[PATCH v2 1/5] mm: memory_hotplug: Memory hotplug (add) support for arm64

From: Maciej Bielski <hidden>
Date: 2017-11-27 16:38:34
Also in: linux-mm, lkml

Hi Robin,

Thank you for your feedback, its highly appreciated. I let myself to add some
comments.

Our primary goal was to have hotplug working even in the basic setup and
publish first working results. Then we want to improve the code building on top
of community comments. This is a general answer for questions about
configuration flags. The working setup is presented, a bit as a hint, and we do
not deem it to be ultimately best at all. The questions about configuration,
IMHO, falls into category of making an agreement on a proper setup (defaults,
dependencies) and, therefore, we strongly rely on the community experience to
advise us how it should be. So, shortly, for some questions "why this is setup
in such a way" the simple anser is that it worked as a first approximation.
Then, I totally agree that for a server-grade system it should be different and
thanks a lot for sharing your opinion on that.

On Mon, Nov 27, 2017 at 03:19:49PM +0000, Robin Murphy wrote:

Hi Andrea,

I've also been looking at memory hotplug for arm64, from the perspective of
enabling ZONE_DEVICE for pmem. May I ask what your use-case for this series
is?
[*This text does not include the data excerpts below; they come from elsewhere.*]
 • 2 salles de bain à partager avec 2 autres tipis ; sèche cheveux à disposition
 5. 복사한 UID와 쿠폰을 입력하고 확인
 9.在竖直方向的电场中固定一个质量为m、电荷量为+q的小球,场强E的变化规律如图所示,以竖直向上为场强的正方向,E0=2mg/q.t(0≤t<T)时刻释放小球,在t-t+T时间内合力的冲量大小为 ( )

AFAICS the real demand will be coming from server systems, which in
practice means both ACPI and NUMA, both of which are being resoundingly
ignored here.

Eventually we aim for aarch64 server system.
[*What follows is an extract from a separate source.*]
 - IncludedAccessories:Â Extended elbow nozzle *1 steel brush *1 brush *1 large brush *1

Further review comments inline.

On 23/11/17 11:13, Maciej Bielski wrote:

quoted

Introduces memory hotplug functionality (hot-add) for arm64.

Changes v1->v2:
- swapper pgtable updated in place on hot add, avoiding unnecessary copy:
  all changes are additive and non destructive.

- stop_machine used to updated swapper on hot add, avoiding races

- checking if pagealloc is under debug to stay coherent with mem_map

Signed-off-by: Maciej Bielski <redacted>
Signed-off-by: Andrea Reale <redacted>
---
 arch/arm64/Kconfig           | 12 ++++++
 arch/arm64/configs/defconfig |  1 +
 arch/arm64/include/asm/mmu.h |  3 ++
 arch/arm64/mm/init.c         | 87 ++++++++++++++++++++++++++++++++++++++++++++
 arch/arm64/mm/mmu.c          | 39 ++++++++++++++++++++
 5 files changed, 142 insertions(+)

diff --git a/arch/arm64/Kconfig b/arch/arm64/Kconfig
index 0df64a6..c736bba 100644
--- a/arch/arm64/Kconfig
+++ b/arch/arm64/Kconfig

@@ -641,6 +641,14 @@ config HOTPLUG_CPU
 	  Say Y here to experiment with turning CPUs off and on.  CPUs
 	  can be controlled through /sys/devices/system/cpu.
+config ARCH_HAS_ADD_PAGES
+	def_bool y
+	depends on ARCH_ENABLE_MEMORY_HOTPLUG
+
+config ARCH_ENABLE_MEMORY_HOTPLUG
+	def_bool y
+    depends on !NUMA

As above, realistically this seems too limiting to be useful.

quoted

+
 # Common NUMA Features
 config NUMA
 	bool "Numa Memory Allocation and Scheduler Support"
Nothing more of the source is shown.